If $x>0,y>0$ and $4xy=2^{x+y}$ then find the minimum and maximum values of $x+y$.

Question

If $x>0,y>0$ and $4xy=2^{x+y}$

then find the minimum and maximum values of $x+y$.

My Attempt

I tried by putting $t=x+y$

$\Rightarrow 4x(t-x)=2^t$.

On differentiation we have $4t-8x=\frac{dt}{dx}(2^tln2-4x)$.

For maximum/minimum put $\frac{dt}{dx}=0$ to obtain $t=2x$

$\Rightarrow x+y=2x$ and thus $y=x$.

Putting in given equation one obtains $4x^2=2^{2x}$.

The obvious solution here is $x=1,2$.

So the value of corresponding $y$ will be $y=1,2$.

So, the extreme values of $x+y$ can be $2$ and $4$.

Is above correct or am I missing something here.

Can we solve this using $AM\geq GM$ inequality.

Answer 1

By AM-GM, we have $$(x + y)^2 \ge 4xy = 2^{x + y} \tag{1}$$ which results in $2 \le x + y \le 4$.
(Note: Letting $u := x + y > 0$, from (1), we have $u \ge 2^{u/2}$. Using calculus, we can prove that $2 \le u \le 4$.)

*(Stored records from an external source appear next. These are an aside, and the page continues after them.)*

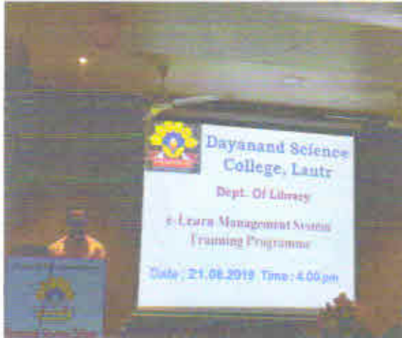
Photographs of 'e Learn Management System' Training Programme.

Events organized during the Academic year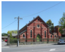
ST ANDREWS UNITING CHURCH SOHE 2008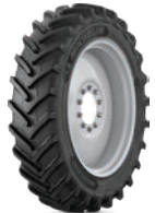
Michelin AgriBib 2 Tire For tractors and other farm equipment.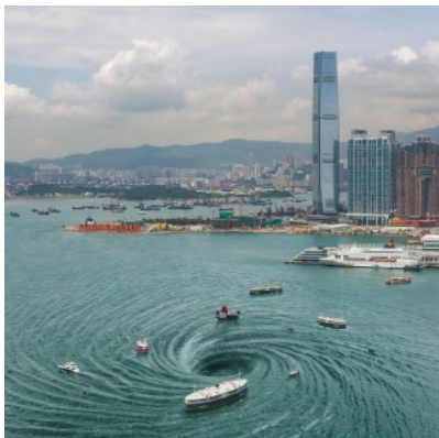
Tommy Fung, Let's add a little drama to the ferry ride across Victoria Harbor (2017)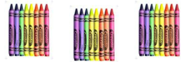
2011-2012 School Year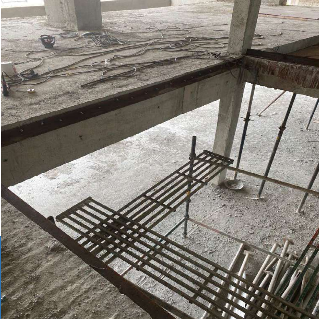
MS works for slab closing works in progress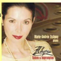
Valses & Impromptus Frédéric Chopin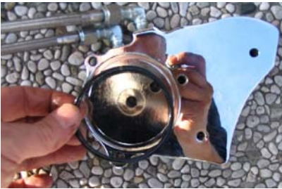
12. Installing O-ring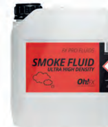
REF: LIQ-H 2HD5 ULTRA SMOKE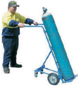
Single Cylinder trolley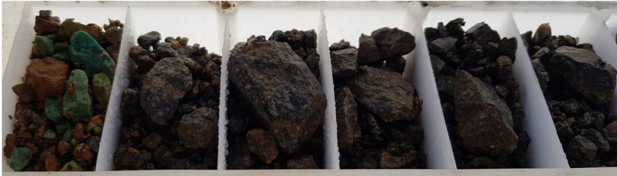
Image 6 | Nanadie Well RC Drilling Rock Chips: 20m-26m NWRC21031 (refer to Table 1 for location)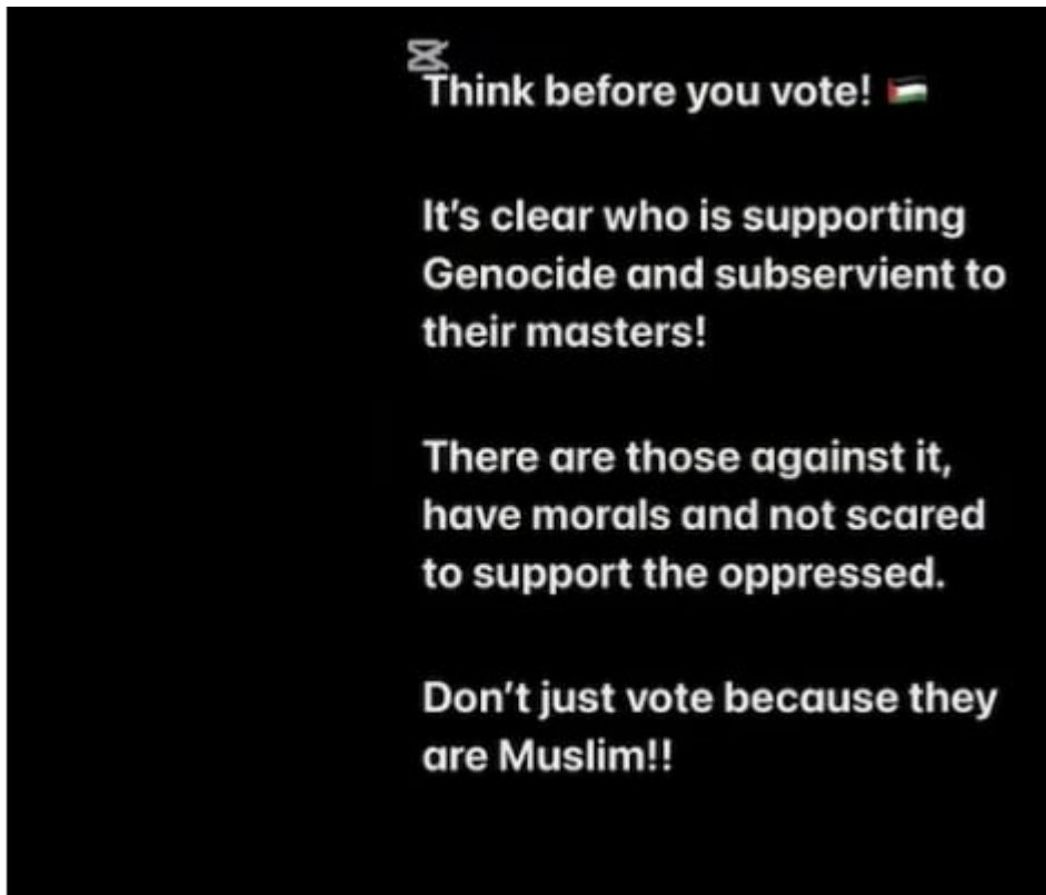
The video tells Wycombe voters to 'think before you vote'

At the start of the video, text that appears beside a Palestinian flag reads: "Think before you vote! It's clear who is supporting genocide and subservient to their masters. . . Don't sell your soul as Allah sees everything."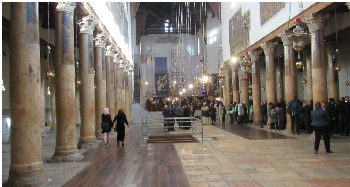
Church of the Nativity, Bethlehem, built in the mid-6 th century, traditional site of the birthplace of Jesus

Our 2021 Israel tour has been scheduled for January 11-20 and we are now accepting registrations. We have 52 exciting Old and New Testament sites on the tour that will greatly expand your knowledge of Christianity, Judaism, biblical history and archeology. Walk in the footsteps of Jesus in Nazareth, Jerusalem, the Mount of Olives, the Garden of Gethsemane, Bethlehem, Bethany, the Jordan, Capernaum, Magdala, Mt. Tabor (the Mount of Transfiguration), the Mount of Beatitudes, Caesarea Philippi, and enjoy a boat ride on the Sea of Galilee. We'll also visit Masada, Qumran, where the Dead Sea scrolls were found, Herodian, Jericho, Caesarea Maritima and many other historic sites. A tour of Israel truly is an experience you will treasure for the rest of your life. Tour arrangements are being handled by Imagine Tours and Travel, a company that has led hundreds of tours to Israel for over 30 years. Call or e-mail our office for a brochure and registration form, which we can send you either by mail or e-mail.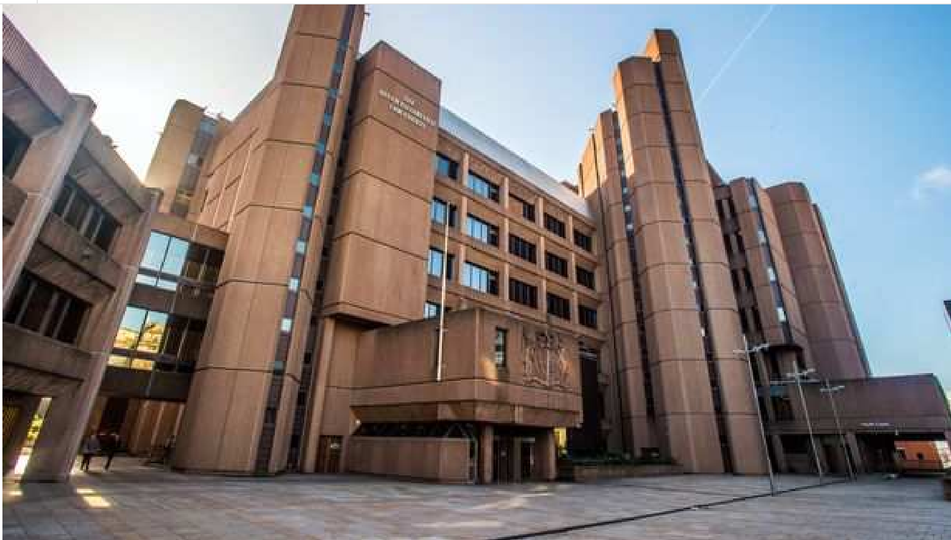
Liverpool Crown Court and Magistrates Court

He added: "All these perverted acts occurred beneath the surface of a man who had the public face of a God-fearing Jehovah's Witness."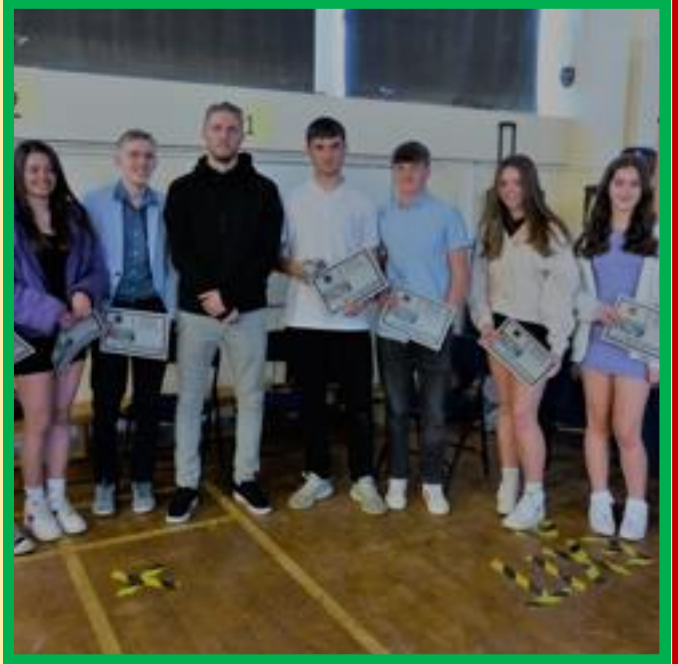
All Young Ambassador nominated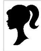
Silver Medal We see YOU here!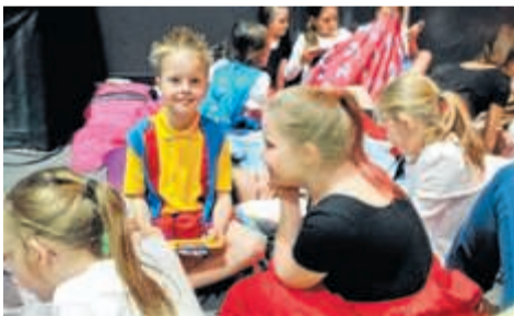
≡ Relaxing backstage before the show!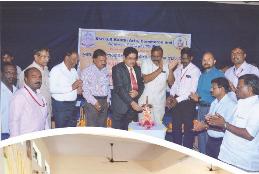
Inauguration of Gymkhana & Cultural Activities 2017-18

Since $x = y = 2$ is feasible, the maximum is $4$. Since $x = y = 1$ is feasible, the minimum is $2$.

Answer 2

Let $x$ and $y$ be positive real numbers such that $4xy=2^{x+y}$. Set $t:=x+y$ so that $xy=2^{t-2}$ and hence $x$ and $y$ are real roots of the quadratic $$X^2-tX+2^{t-2}.$$ This implies that the discriminant $\Delta$ of this quadratic is nonnegative, where $$\Delta=(-t)^2-4\cdot2^{t-2}=t^2-2^t,$$ and it follows that $2\leq t\leq 4$. For $t=2$ we find $x=y=1$ and for $t=4$ we find $x=y=2$.